[Opening Records shown section]

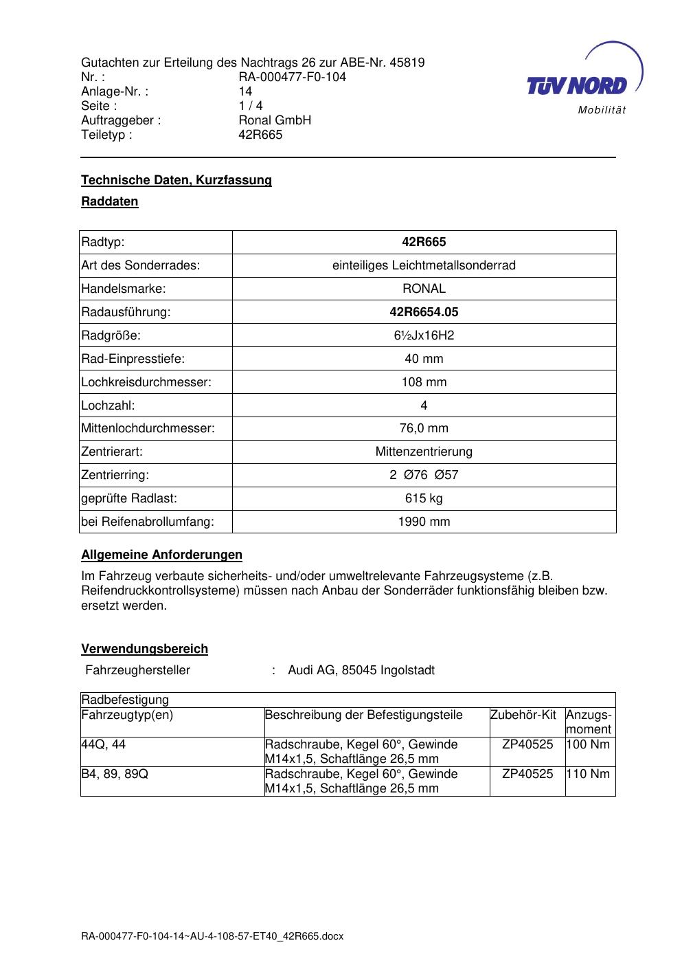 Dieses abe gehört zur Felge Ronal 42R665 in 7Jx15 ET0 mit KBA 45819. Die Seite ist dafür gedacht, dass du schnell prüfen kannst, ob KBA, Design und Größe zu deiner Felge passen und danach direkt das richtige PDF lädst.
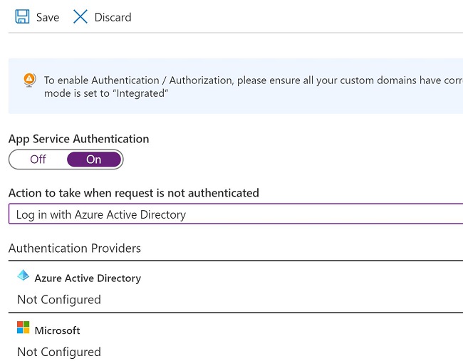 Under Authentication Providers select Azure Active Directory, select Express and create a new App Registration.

[Closing Records shown section]
[Opening Records shown section]

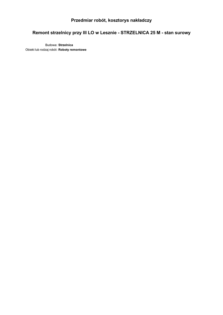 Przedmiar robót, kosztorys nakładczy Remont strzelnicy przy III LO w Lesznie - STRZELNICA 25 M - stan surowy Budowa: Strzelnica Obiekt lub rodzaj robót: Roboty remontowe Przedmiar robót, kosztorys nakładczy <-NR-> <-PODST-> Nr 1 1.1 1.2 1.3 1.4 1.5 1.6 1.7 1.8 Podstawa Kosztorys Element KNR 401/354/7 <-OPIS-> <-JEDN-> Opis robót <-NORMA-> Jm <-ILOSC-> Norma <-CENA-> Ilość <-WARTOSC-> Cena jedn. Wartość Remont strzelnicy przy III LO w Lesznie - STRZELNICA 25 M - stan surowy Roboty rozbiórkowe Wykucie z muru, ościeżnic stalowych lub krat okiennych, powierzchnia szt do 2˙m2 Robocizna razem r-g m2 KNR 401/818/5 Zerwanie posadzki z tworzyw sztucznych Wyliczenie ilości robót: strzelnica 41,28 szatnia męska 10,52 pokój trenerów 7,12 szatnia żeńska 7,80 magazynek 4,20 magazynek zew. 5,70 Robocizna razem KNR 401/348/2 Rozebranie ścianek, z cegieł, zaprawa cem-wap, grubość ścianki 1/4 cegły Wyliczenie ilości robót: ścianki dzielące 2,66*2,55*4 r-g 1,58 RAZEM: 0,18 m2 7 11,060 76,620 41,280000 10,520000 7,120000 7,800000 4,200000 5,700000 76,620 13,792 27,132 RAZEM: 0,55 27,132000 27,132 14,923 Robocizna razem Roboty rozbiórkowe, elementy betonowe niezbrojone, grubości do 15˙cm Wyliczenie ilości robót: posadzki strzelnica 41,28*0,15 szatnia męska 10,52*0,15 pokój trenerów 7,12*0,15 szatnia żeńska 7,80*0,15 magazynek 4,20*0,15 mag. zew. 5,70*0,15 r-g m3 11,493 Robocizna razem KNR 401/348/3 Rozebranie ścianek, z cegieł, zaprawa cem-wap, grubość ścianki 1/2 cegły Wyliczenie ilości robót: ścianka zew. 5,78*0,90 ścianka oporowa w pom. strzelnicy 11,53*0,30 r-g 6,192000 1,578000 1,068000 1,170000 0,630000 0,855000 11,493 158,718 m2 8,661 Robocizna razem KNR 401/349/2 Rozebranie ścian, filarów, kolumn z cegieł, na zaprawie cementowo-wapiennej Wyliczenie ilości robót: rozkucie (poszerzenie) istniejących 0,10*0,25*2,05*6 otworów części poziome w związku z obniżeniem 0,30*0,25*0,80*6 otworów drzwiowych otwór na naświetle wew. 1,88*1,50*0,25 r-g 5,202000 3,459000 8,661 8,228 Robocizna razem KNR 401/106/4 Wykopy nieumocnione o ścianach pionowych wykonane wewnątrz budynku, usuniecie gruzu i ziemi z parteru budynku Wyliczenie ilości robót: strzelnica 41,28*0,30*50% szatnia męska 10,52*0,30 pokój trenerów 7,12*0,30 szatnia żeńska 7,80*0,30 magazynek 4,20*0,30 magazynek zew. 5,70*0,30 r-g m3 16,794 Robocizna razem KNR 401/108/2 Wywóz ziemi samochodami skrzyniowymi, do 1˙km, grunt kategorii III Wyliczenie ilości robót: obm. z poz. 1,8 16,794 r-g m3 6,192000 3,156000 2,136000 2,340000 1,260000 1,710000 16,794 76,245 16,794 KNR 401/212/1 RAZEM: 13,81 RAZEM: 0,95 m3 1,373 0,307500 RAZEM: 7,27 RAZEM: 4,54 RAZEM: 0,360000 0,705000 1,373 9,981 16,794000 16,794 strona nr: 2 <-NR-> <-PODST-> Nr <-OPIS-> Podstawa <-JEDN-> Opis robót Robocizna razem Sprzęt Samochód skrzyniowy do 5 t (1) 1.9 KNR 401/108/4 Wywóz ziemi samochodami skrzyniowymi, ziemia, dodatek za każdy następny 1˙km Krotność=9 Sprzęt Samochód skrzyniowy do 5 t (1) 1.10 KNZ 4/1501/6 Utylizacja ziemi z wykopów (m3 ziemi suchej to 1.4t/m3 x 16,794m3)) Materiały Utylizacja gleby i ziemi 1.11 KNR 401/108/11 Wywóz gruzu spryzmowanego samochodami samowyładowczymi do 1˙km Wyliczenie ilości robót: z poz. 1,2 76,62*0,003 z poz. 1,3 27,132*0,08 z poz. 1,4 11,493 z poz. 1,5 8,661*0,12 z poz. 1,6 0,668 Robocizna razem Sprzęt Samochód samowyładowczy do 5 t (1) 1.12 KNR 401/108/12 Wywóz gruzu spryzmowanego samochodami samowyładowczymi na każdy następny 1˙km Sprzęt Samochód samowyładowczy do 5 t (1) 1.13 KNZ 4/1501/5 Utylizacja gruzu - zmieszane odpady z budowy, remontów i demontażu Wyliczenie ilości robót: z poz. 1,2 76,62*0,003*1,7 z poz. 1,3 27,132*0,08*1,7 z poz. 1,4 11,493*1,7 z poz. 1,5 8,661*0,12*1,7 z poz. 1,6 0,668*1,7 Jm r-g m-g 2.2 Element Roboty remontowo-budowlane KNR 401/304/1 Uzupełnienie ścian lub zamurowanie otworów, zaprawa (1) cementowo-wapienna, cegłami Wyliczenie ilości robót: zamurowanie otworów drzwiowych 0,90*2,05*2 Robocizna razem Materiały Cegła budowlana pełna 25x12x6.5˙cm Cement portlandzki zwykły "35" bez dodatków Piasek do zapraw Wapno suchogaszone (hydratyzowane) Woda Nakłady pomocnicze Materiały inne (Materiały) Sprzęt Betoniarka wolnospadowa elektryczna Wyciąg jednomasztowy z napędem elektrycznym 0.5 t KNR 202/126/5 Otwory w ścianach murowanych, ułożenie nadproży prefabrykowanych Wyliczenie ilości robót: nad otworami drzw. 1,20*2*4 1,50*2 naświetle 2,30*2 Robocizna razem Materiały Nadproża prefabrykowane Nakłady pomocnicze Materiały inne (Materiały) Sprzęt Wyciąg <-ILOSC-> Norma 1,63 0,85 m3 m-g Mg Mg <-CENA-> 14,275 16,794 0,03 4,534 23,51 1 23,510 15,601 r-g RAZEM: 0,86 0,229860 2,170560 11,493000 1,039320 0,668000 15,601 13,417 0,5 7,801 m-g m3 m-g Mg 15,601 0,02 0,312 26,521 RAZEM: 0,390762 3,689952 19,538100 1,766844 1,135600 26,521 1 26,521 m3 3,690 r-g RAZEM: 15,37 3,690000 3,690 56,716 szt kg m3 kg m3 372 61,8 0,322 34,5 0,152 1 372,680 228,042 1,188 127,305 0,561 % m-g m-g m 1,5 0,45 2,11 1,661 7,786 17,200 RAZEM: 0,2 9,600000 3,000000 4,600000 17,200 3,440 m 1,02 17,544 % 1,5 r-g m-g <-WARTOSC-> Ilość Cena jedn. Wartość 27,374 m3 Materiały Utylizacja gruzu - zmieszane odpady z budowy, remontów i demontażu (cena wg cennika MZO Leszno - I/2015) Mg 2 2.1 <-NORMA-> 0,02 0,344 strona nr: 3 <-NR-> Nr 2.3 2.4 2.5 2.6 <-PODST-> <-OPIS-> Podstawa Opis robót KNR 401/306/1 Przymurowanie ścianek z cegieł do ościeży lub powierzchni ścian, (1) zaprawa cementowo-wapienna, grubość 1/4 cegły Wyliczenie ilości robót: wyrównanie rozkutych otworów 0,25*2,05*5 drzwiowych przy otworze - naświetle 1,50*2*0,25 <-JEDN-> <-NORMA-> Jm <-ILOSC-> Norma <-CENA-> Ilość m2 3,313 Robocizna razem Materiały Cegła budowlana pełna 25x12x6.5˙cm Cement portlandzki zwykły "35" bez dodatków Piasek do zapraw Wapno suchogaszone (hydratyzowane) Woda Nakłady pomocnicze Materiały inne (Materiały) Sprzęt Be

[Closing Records shown section]

Exercise description:
Begin at the line in the entries above that has "Dieses abe gehört", stop after the line that has "Under Authentication Providers", and output exactly those lines without pictures.

Solution to this problem:
 Dieses abe gehört zur Felge Ronal 42R665 in 7Jx15 ET0 mit KBA 45819. Die Seite ist dafür gedacht, dass du schnell prüfen kannst, ob KBA, Design und Größe zu deiner Felge passen und danach direkt das richtige PDF lädst.
 Under Authentication Providers select Azure Active Directory, select Express and create a new App Registration.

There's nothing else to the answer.